In what is perhaps a more telling illustration of how EA Access must prove itself, Sony reportedly rebuffed EA's offer to host the service on its PS4 -- partially on its competitiveness with PlayStation Plus, Sony's own free game offering. "We evaluated the EA Access subscription offering and decided that it does not bring the kind of value PlayStation customers have come to expect," Sony told Game Informer Wednesday. "We don't think asking our fans to pay an additional $5 a month for this EA-specific program represents good value to the PlayStation gamer."
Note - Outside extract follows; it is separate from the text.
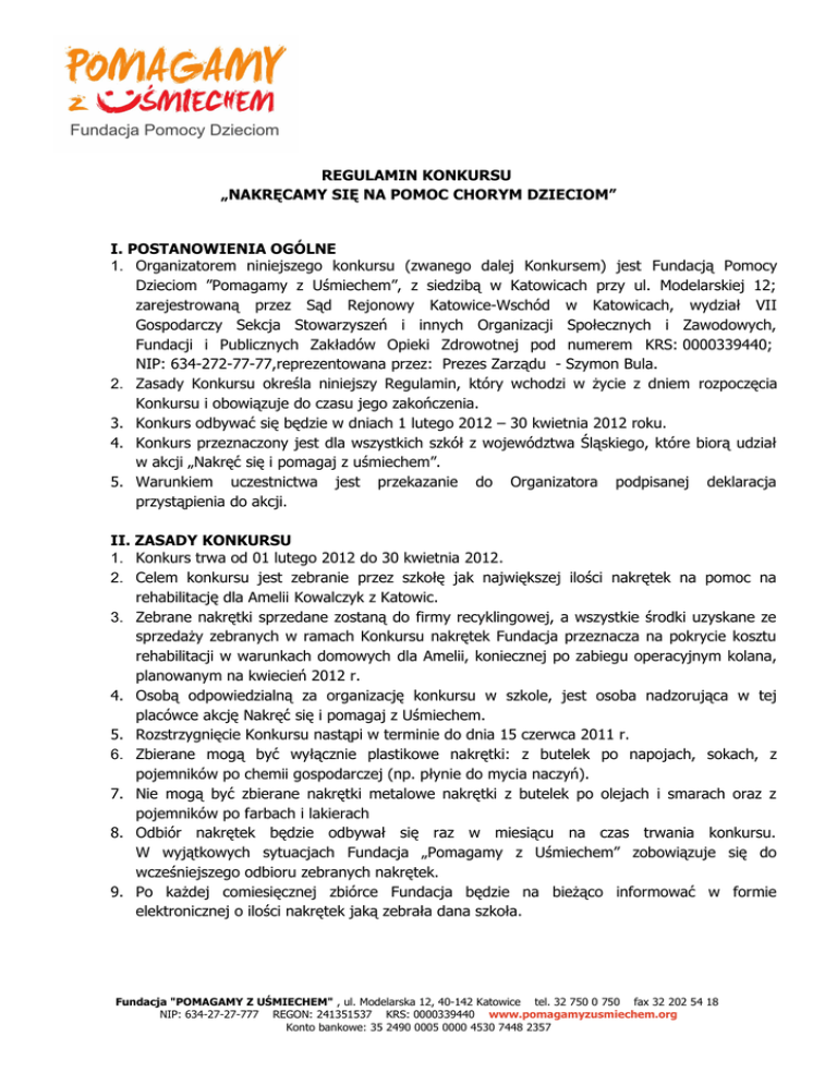 REGULAMIN KONKURSU „NAKRĘCAMY SIĘ NA POMOC CHORYM DZIECIOM” I. POSTANOWIENIA OGÓLNE 1. Organizatorem niniejszego konkursu (zwanego dalej Konkursem) jest Fundacją Pomocy Dzieciom ”Pomagamy z Uśmiechem”, z siedzibą w Katowicach przy ul. Modelarskiej 12; zarejestrowaną przez Sąd Rejonowy Katowice-Wschód w Katowicach, wydział VII Gospodarczy Sekcja Stowarzyszeń i innych Organizacji Społecznych i Zawodowych, Fundacji i Publicznych Zakładów Opieki Zdrowotnej pod numerem KRS: 0000339440; NIP: 634-272-77-77,reprezentowana przez: Prezes Zarządu - Szymon Bula. 2. Zasady Konkursu określa niniejszy Regulamin, który wchodzi w życie z dniem rozpoczęcia Konkursu i obowiązuje do czasu jego zakończenia. 3. Konkurs odbywać się będzie w dniach 1 lutego 2012 – 30 kwietnia 2012 roku. 4. Konkurs przeznaczony jest dla wszystkich szkół z województwa Śląskiego, które biorą udział w akcji „Nakręć się i pomagaj z uśmiechem”. 5. Warunkiem uczestnictwa jest przekazanie do Organizatora podpisanej deklaracja przystąpienia do akcji. II. ZASADY KONKURSU 1. Konkurs trwa od 01 lutego 2012 do 30 kwietnia 2012. 2. Celem konkursu jest zebranie przez szkołę jak największej ilości nakrętek na pomoc na rehabilitację dla Amelii Kowalczyk z Katowic. 3. Zebrane nakrętki sprzedane zostaną do firmy recyklingowej, a wszystkie środki uzyskane ze sprzedaży zebranych w ramach Konkursu nakrętek Fundacja przeznacza na pokrycie kosztu rehabilitacji w warunkach domowych dla Amelii, koniecznej po zabiegu operacyjnym kolana, planowanym na kwiecień 2012 r. 4. Osobą odpowiedzialną za organizację konkursu w szkole, jest osoba nadzorująca w tej placówce akcję Nakręć się i pomagaj z Uśmiechem. 5. Rozstrzygnięcie Konkursu nastąpi w terminie do dnia 15 czerwca 2011 r. 6. Zbierane mogą być wyłącznie plastikowe nakrętki: z butelek po napojach, sokach, z pojemników po chemii gospodarczej (np. płynie do mycia naczyń). 7. Nie mogą być zbierane nakrętki metalowe nakrętki z butelek po olejach i smarach oraz z pojemników po farbach i lakierach 8. Odbiór nakrętek będzie odbywał się raz w miesiącu na czas trwania konkursu. W wyjątkowych sytuacjach Fundacja „Pomagamy z Uśmiechem” zobowiązuje się do wcześniejszego odbioru zebranych nakrętek. 9. Po każdej comiesięcznej zbiórce Fundacja będzie na bieżąco informować w formie elektronicznej o ilości nakrętek jaką zebrała dana szkoła. Fundacja "POMAGAMY Z UŚMIECHEM" , ul. Modelarska 12, 40-142 Katowice tel. 32 750 0 750 fax 32 202 54 18 NIP: 634-27-27-777 REGON: 241351537 KRS: 0000339440 www.pomagamyzusmiechem.org Konto bankowe: 35 2490 0005 0000 4530 7448 2357 III. ROZSTRZYGNIĘCIE KONKURSU 1. Spośród wszystkich szkół biorących udział w konkursie, zostaną wyłonione trzy szkoły, które zebrały największą ilość nakrętek. 2. Liczy się ostateczna waga nakrętek uzyskana po segregacji nakrętek i ich zważeniu przez pracownika firmy recyklingowej Vivasto SA. 3. Rozstrzygnięcie konkursu nastąpi 15 maja 2012 r. 4. Wyniki Konkursu zostaną opublikowane dnia 15 maja 2012 o godz. 12:00 na stronie www.pomagamyzusmiechem.pl 5. Nagrodzone szkoły zostaną poinformowane o wynikach Konkursu drogą mailową lub oraz telefonicznie. IV. NAGRODY 1. Dla szkół, które zebrały największą ilość nakrętek, przeznaczone są następujące nagrody: I MIEJSCE - dofinansowanie 1.000 zł do wycieczki szkolnej dla najlepszej klasy, II MIEJSCE - dofinansowanie 500 zł do wycieczki szkolnej dla najlepszej klasy, III MIEJSCE - bilety do Multikina dla najlepszej klasy, 2. Nagrody, o których mowa w ust. 1 zostaną przekazane Zwycięzcom Konkursu przez Organizatora w ciągu trzech dni roboczych od daty ogłoszenia wyników Konkursu. 3. Koszt nagród pokrywa firma recyklingowa Vivasto S.A. 4. Organizator zastrzega sobie prawo do publikowania informacji o Zwycięzcy na stronie internetowej www.pomagamyzusmiechem.pl. IV. POSTANOWIENIA KOŃCOWE 1. Decyzje Organizatora Konkursu mają charakter ostateczny i nie przysługuje od nich odwołanie. 2. Przystąpienie do udziału w Konkursie jest jednoznaczne z przyjęciem warunków niniejszego Regulaminu. 3. W sprawach nieuregulowanych niniejszym Regulaminem zastosowanie mają odpowiednie przepisy kodeksu cywilnego. 5. Strona internetowa organizatora konkursu - Fundacji „Pomagamy z Uśmiechem”: www.pomagamyzusmiechem.org Fundacja "POMAGAMY Z UŚMIECHEM" , ul. Modelarska 12, 40-142 Katowice tel. 32 750 0 750 fax 32 202 54 18 NIP: 634-27-27-777 REGON: 241351537 KRS: 0000339440 www.pomagamyzusmiechem.org Konto bankowe: 35 2490 0005 0000 4530 7448 2357
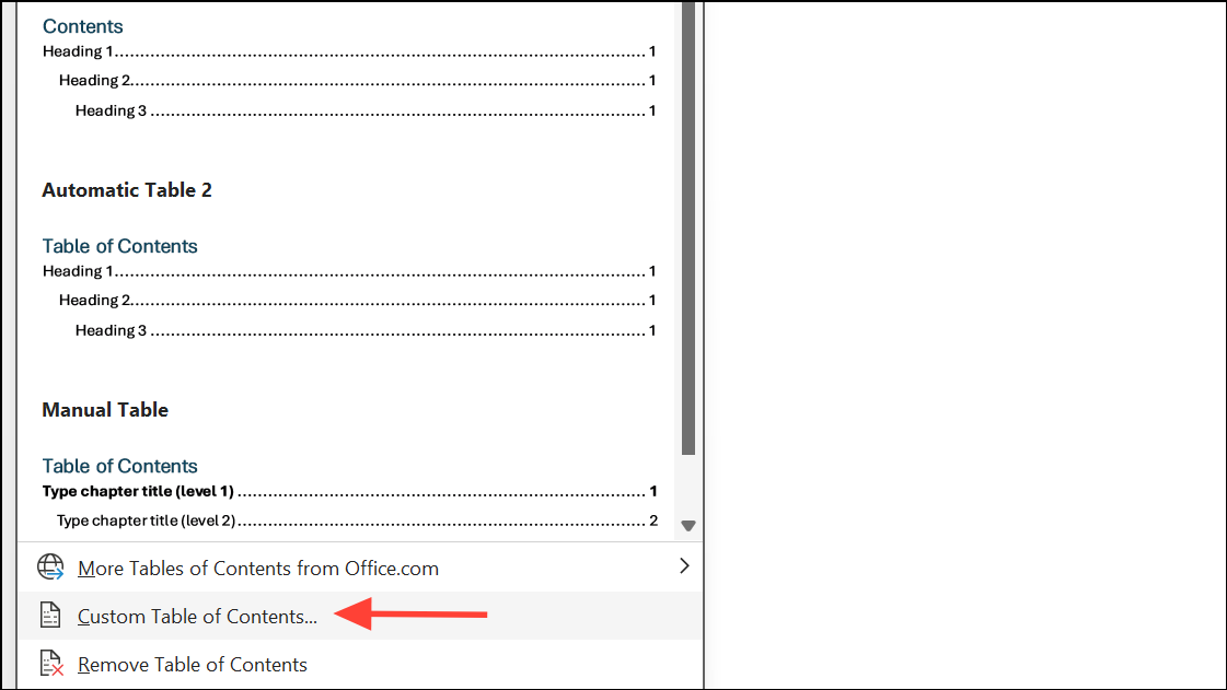 Step 3: If you update your document and need to refresh the TOC, right-click the TOC and select Update Field. You can choose to update just the page numbers or the entire table.

So the marriage of two companies over the future of game distribution should necessarily raise concern. However, as it stands now, the deal is less "too good to be true" than one offering a moderate balance between exchanging ownership for value and convenience. Time will tell if the balance will be upset -- and gamers now know that Microsoft and EA tend to listen when the voices get loud enough.
The game industry won't change overnight. Microsoft learned that the hard way. Now, the company and publishers who share its goals have their sights set on a more manageable milestone: getting gamers to start thinking of titles less like disc-based products and more like digital-first creative works we pay to have access to -- and not own.